(a) The Department shall review the application in accordance with the standards set forth in subsection (b) of this section and shall hold a public hearing with the opportunity for the submission of oral and written public comments in accordance with rules adopted by the Department. The Department shall determine whether the application should be granted or denied within 90 days of the date of filing of an application. Provided, however, that the Department may extend the review period for a specified period of time upon notice to the parties.

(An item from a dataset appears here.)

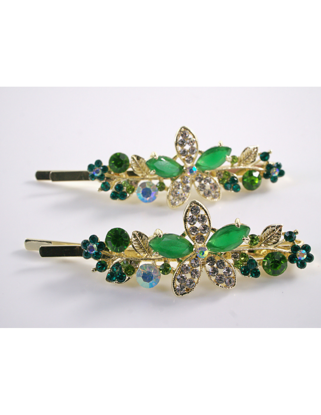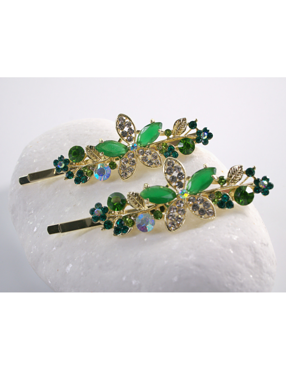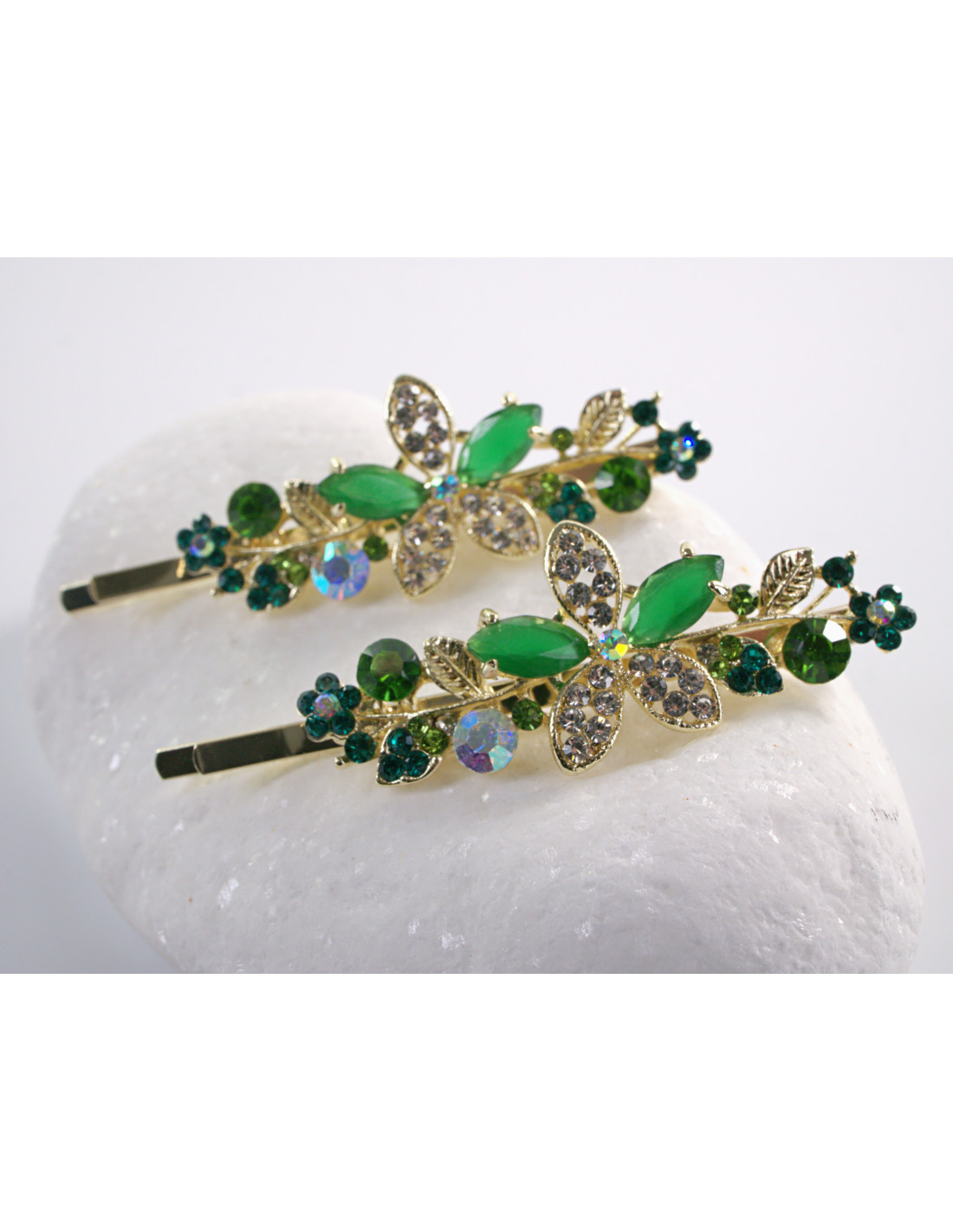 Wsuwka do włosów SZMARAGDOWY KWIAT  z kryształkami 2 szt. Lolita Akcesoria

(b) The Department shall determine that a certificate of public advantage should be issued for a cooperative agreement, if it determines that the applicant has demonstrated by clear and convincing evidence that the benefits likely to result from the agreement outweigh the disadvantages likely to result from a reduction in competition from the agreement.

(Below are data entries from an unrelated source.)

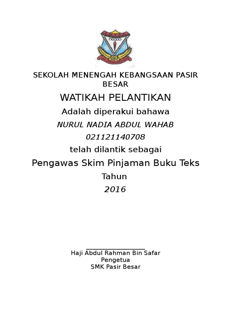 Sijil Watikah Pelantikan from imgv2-1-f.scribdassets.com For more information and source, see on this link : Bacaan ikrar lagu negaraku, & pengawas pusat sumber. 2020 8 fail pusat sumber sekolah 2020 aktiviti pembacaan automasi senayan bahan pelbagai media pendidikan bahan rujukan pengurusan pss bbt2020 borang pencalonan guru perpustakaan dan media (gpm) buku teks digital cakna2020 capaian iq nilam cara muat turun buku teks digital cerita kanak kanak dcs definisi. Contextual translation of majlis penyerahan watikah pelantikan into english. Pengetua jalan padang sanai, kuala nerang, majlis. Explore officesmasid's photos on flickr. Chow kon yeow menunjukkan watikah pelantikan tyt yang baru. View paperwork watikah 202023.docx from a en english co at politeknik mersing.
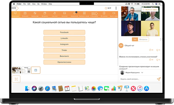 До 15 спикеров в прямом эфире Общайтесь без границ — WhenSpeak соединяет пользователей из разных стран мира.
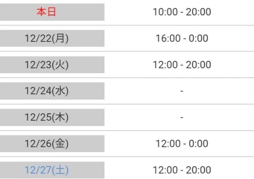 明日22日(月)は、16時から夜0時までの出勤に変更いたします
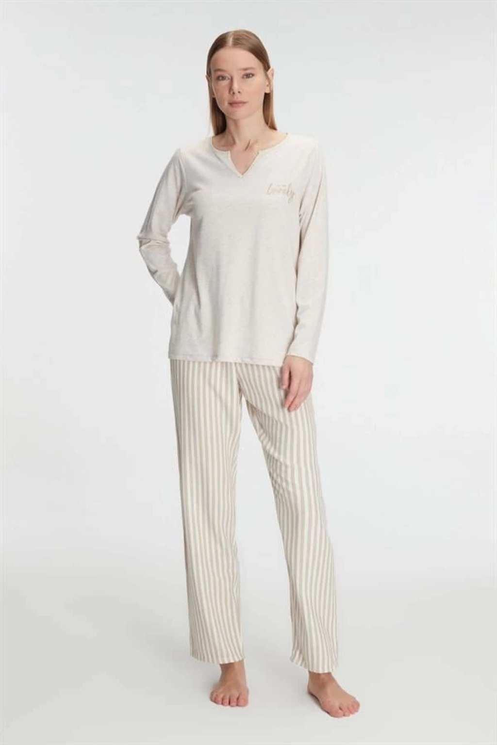 11213 Kadın Uzun Kollu Çizgili V Yaka Kışlık Pijama Takımı ile konforlu bir uyku deneyimi yaşayın. 48 % Poliester 47 % Pamuk 5 % Elastan kumaşı ile vücudunuza yumuşak bir dokunuş sağlar. Bu pijama takımı, özellikle soğuk gecelerde sıcak kalmanızı sağlayan uzun kollu tasarımı ile öne çıkıyor. Nemi emen pamuklu dokusu sayesinde cildinizin nefes almasına olanak tanır, böylece gece boyu rahatlıkla uyuyabilirsiniz. Evde dinlenirken ya da sevdiklerinizle geçireceğiniz rahat zamanlarda giymek için idealdir. Pijama takımları, günün yorgunluğunu atarken şıklığınızı da korumanızı sağlar. Hediye olarak da tercih edebileceğiniz bu takım, kaliteli kumaşı ve şık tasarımıyla her zaman favoriniz olacak. Uyku sırasında hareket özgürlüğü sunan esnek yapısıyla bu pijama takımı, her gece keyifle giyeceğiniz bir parça olacak. Kaliteli kumaşı sayesinde uzun süreli kullanımda bile yıpranma göstermez. Kaliteli kumaşı sayesinde uzun süreli kullanımda bile yıpranma göstermez. Yumuşak dokusu sayesinde gün boyu cildinizde rahat bir his bırakır. Rahat kesimi ve esnek yapısı ile her vücut tipine uygun bir kullanım sunar. Kaliteli kumaşı sayesinde uzun süreli kullanımda bile yıpranma göstermez. Farklı beden seçenekleri ile herkesin rahatlıkla kullanabileceği bir ürün olarak öne çıkar. Evde ya da dışarıda giyebileceğiniz bu ürün, her mevsim rahatlıkla kullanılabilir. Kaliteli kumaşı sayesinde uzun süreli kullanımda bile yıpranma göstermez. Evde ya da dışarıda giyebileceğiniz bu ürün, her mevsim rahatlıkla kullanılabilir. Bu ürünle tarzınızı yansıtırken konforu da elden bırakmamış olacaksınız. Kaliteli kumaşı sayesinde uzun süreli kullanımda bile yıpranma göstermez. Kolay yıkanabilir özelliği ile bakım konusunda da zahmetsizdir. Yumuşak dokusu sayesinde gün boyu cildinizde rahat bir his bırakır. Kolay yıkanabilir özelliği ile bakım konusunda da zahmetsizdir.

(1) In evaluating the potential benefits of a cooperative agreement, the Department shall consider whether one or more of the following benefits may result from the cooperative agreement:
a. Enhancement of the quality of health care provided to North Carolina citizens;
b. Preservation of other health care facilities in geographical proximity to the communities traditionally served by those facilities;
c. Lower costs of, or gains in the efficiency of delivering, health care services;
d. Improvements in the utilization of health care resources and equipment;
e. Avoidance of duplication of health care resources; and
f. The extent to which medically underserved populations are expected to utilize the proposed services.

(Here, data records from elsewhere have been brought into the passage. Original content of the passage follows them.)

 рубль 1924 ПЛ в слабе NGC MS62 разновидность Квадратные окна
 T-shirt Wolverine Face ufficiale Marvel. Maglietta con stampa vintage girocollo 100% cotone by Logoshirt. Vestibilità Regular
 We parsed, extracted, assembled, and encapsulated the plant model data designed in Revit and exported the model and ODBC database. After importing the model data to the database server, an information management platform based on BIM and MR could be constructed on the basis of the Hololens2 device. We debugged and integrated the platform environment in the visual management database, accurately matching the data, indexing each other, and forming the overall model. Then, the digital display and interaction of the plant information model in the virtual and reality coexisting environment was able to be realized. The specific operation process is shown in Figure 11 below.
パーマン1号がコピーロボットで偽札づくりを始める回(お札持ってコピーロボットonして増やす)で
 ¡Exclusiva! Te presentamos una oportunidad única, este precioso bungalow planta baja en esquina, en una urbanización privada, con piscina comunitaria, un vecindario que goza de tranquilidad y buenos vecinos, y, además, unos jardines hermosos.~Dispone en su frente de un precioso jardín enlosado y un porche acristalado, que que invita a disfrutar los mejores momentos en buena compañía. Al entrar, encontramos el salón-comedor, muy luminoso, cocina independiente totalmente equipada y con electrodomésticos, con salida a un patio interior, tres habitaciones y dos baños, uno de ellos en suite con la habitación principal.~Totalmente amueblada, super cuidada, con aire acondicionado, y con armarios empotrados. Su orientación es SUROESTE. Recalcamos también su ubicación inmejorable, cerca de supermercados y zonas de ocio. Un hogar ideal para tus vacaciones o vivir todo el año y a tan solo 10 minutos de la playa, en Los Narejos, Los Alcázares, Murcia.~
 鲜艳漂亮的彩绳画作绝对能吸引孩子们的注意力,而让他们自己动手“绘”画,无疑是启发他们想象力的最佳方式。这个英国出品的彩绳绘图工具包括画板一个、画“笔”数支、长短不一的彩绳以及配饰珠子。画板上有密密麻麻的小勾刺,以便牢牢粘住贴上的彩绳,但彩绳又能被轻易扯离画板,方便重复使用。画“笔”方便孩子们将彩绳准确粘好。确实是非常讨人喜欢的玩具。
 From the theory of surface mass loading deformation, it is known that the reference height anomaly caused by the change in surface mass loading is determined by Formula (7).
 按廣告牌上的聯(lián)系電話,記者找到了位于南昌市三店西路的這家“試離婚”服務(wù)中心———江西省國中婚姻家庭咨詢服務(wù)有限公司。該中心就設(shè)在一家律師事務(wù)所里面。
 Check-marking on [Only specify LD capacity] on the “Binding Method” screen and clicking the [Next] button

(2) In evaluating the potential disadvantages of a cooperative agreement, the Department shall consider whether one or more of the following disadvantages may result from the cooperative agreement:
a. The extent to which the agreement may increase the costs or prices of health care at the locations of parties to the cooperative agreement;
b. The extent to which the agreement may have an adverse impact on patients in the quality, availability, and price of health care services;
c. The extent to which the agreement may reduce competition among the parties to the agreement and the likely effects thereof;
d. The extent to which the agreement may have an adverse impact on the ability of health maintenance organizations, preferred provider organizations, managed health care service agents, or other health care payors to negotiate optimal payment and service arrangements with hospitals, physicians, allied health care professionals, or other health care providers;
e. The extent to which the agreement may result in a reduction in competition among physicians, allied health professionals, other health care providers, or other persons furnishing health care services; and
f. The availability of arrangements that are less restrictive to competition and achieve the same benefits or a more favorable balance of benefits over disadvantages attributable to any reduction in competition.
(3) In making its determination, the Department may consider other benefits or disadvantages that may be identified. (1995, c. 395, s. 2; 1997-456, s. 27.)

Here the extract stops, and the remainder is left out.